> **WORK ITEM**
In the records below, find the line with "恒瑞醫藥CLDN18.2 ADC創新藥SHR-A1904治療胃癌臨床研究結果榮登Nature Medicine" and repeat exactly every line from it through the line with "Natural stone luxury". Pictures stay out.

> **PROVIDED DATA**

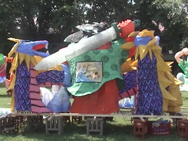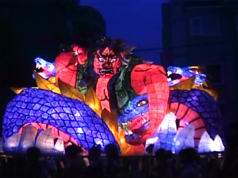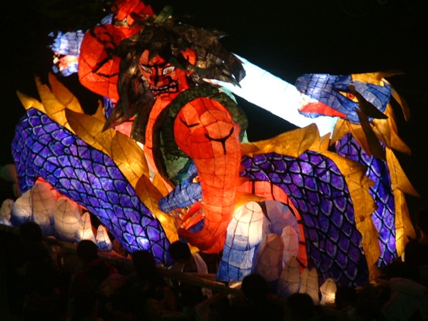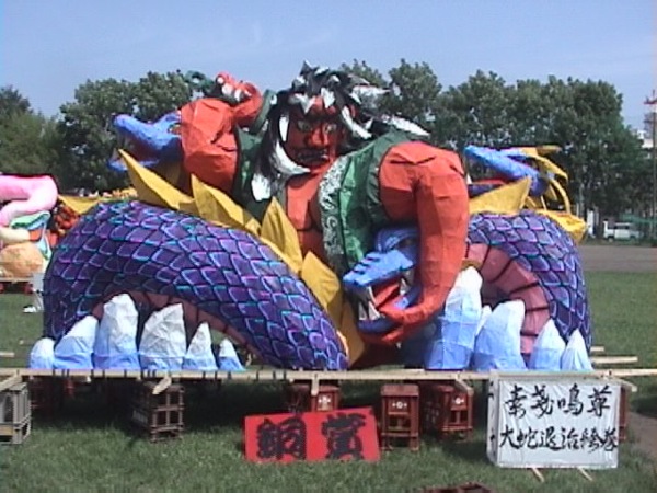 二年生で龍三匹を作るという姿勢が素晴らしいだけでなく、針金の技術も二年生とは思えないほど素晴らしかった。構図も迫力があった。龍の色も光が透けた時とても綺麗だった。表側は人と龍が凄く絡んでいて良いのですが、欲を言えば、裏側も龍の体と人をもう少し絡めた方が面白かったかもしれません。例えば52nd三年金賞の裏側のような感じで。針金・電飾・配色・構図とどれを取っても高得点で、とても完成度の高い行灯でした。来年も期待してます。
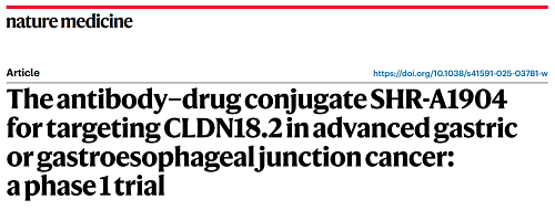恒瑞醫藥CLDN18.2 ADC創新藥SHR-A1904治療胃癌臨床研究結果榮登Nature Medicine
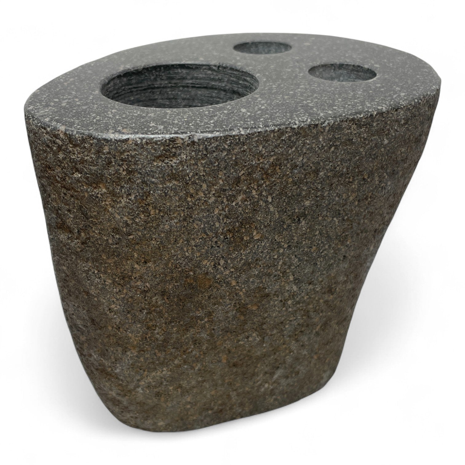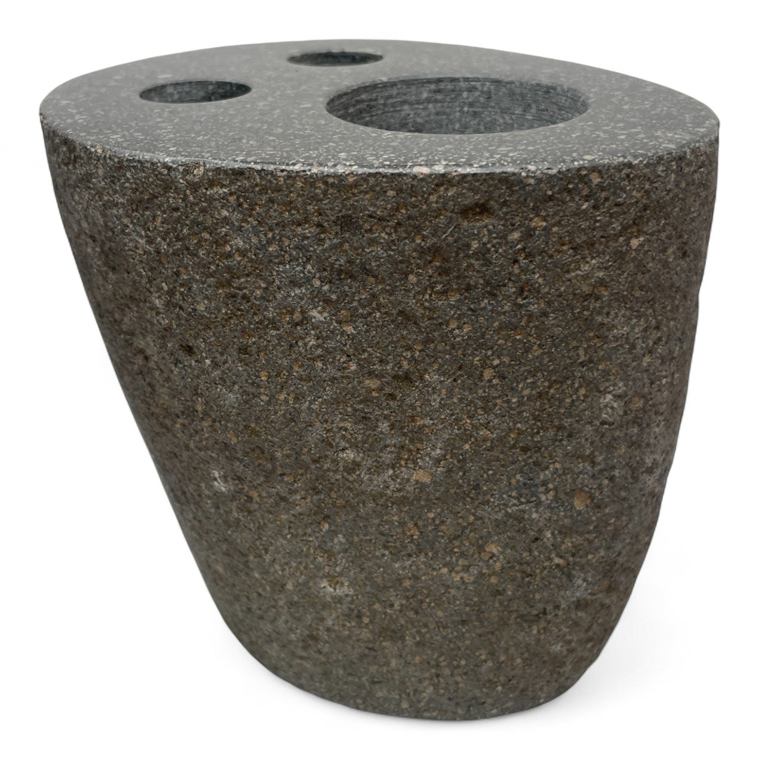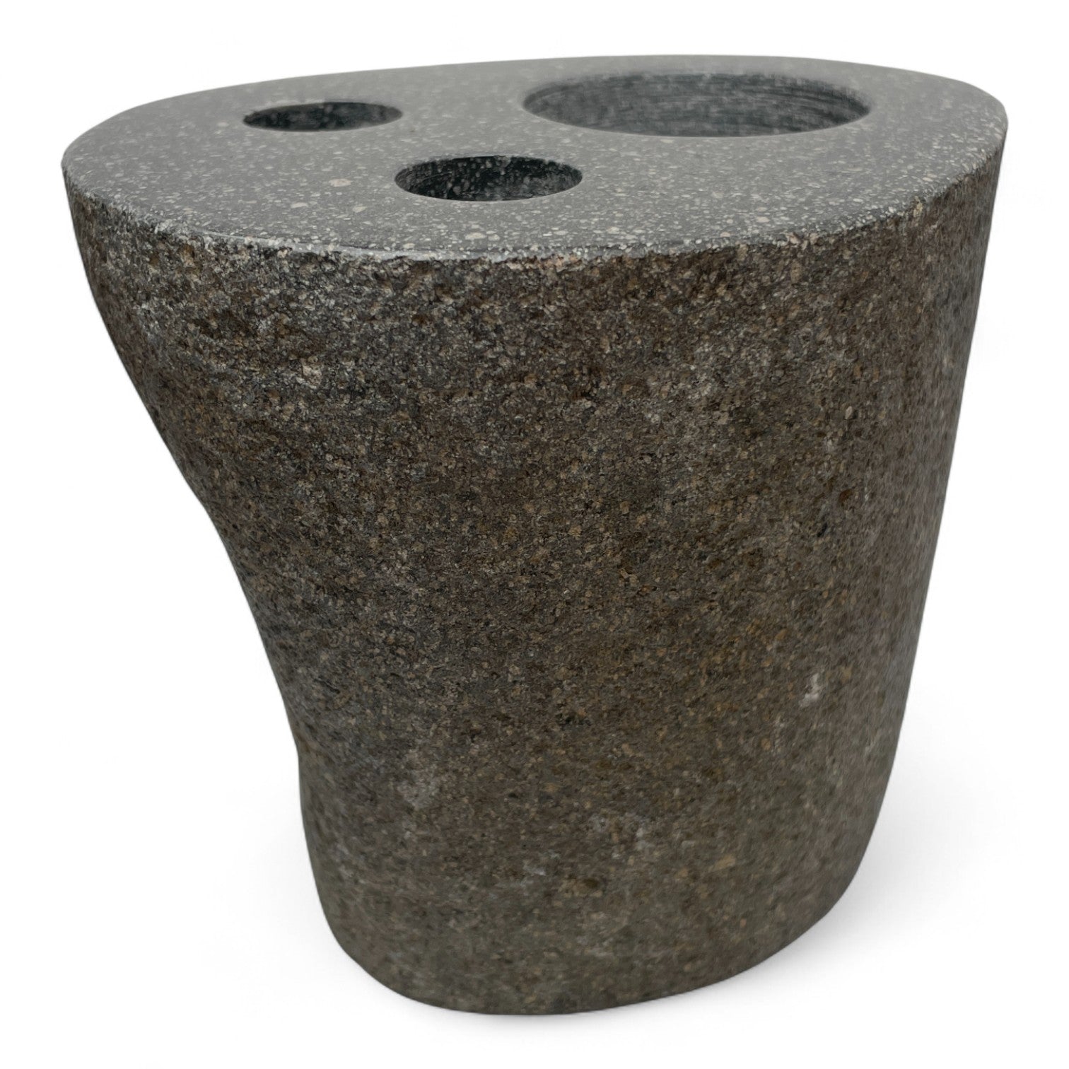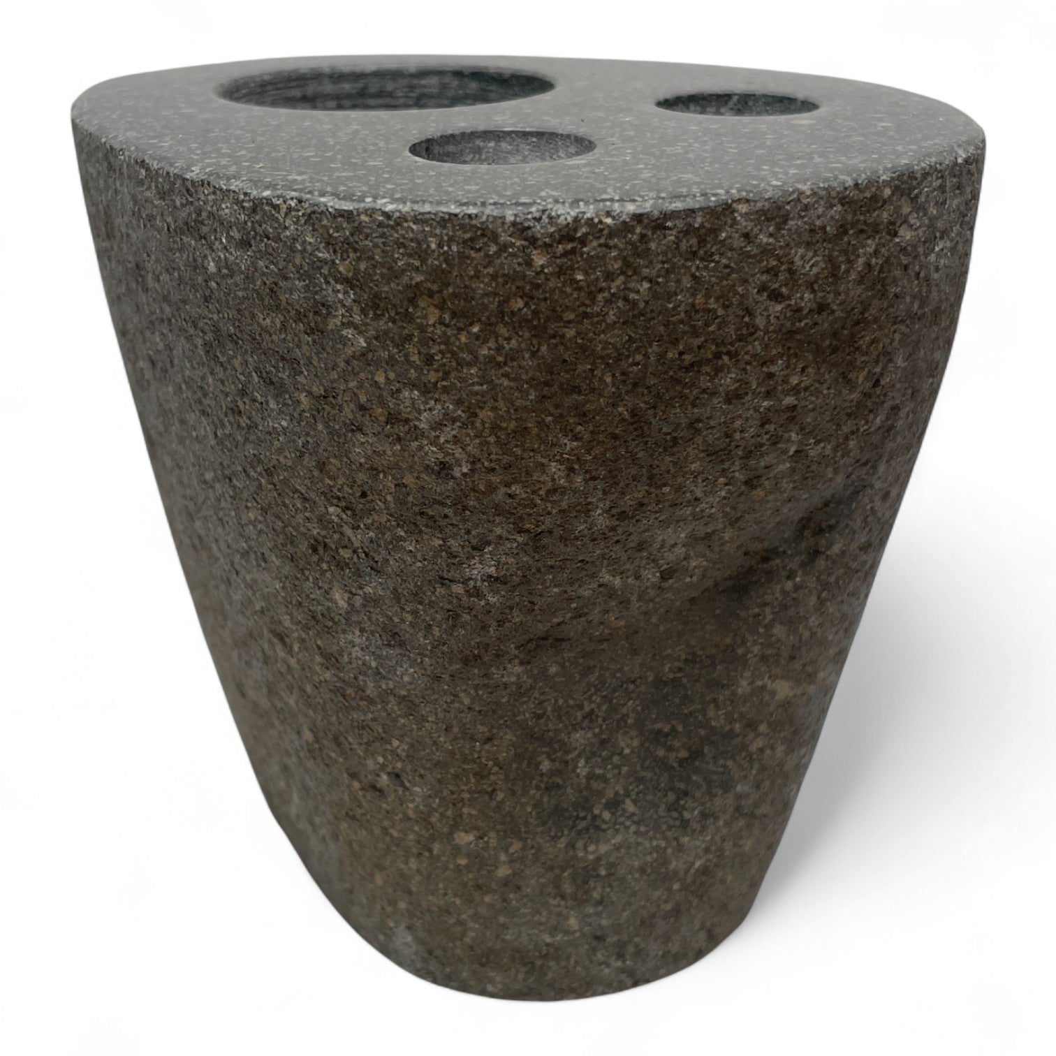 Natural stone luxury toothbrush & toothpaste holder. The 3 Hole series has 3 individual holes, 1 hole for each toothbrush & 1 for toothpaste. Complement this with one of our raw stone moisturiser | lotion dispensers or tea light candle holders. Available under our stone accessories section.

==

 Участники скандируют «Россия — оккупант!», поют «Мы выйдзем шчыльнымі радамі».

> **FINISHED TASK**
恒瑞醫藥CLDN18.2 ADC創新藥SHR-A1904治療胃癌臨床研究結果榮登Nature Medicine
 Natural stone luxury toothbrush & toothpaste holder. The 3 Hole series has 3 individual holes, 1 hole for each toothbrush & 1 for toothpaste. Complement this with one of our raw stone moisturiser | lotion dispensers or tea light candle holders. Available under our stone accessories section.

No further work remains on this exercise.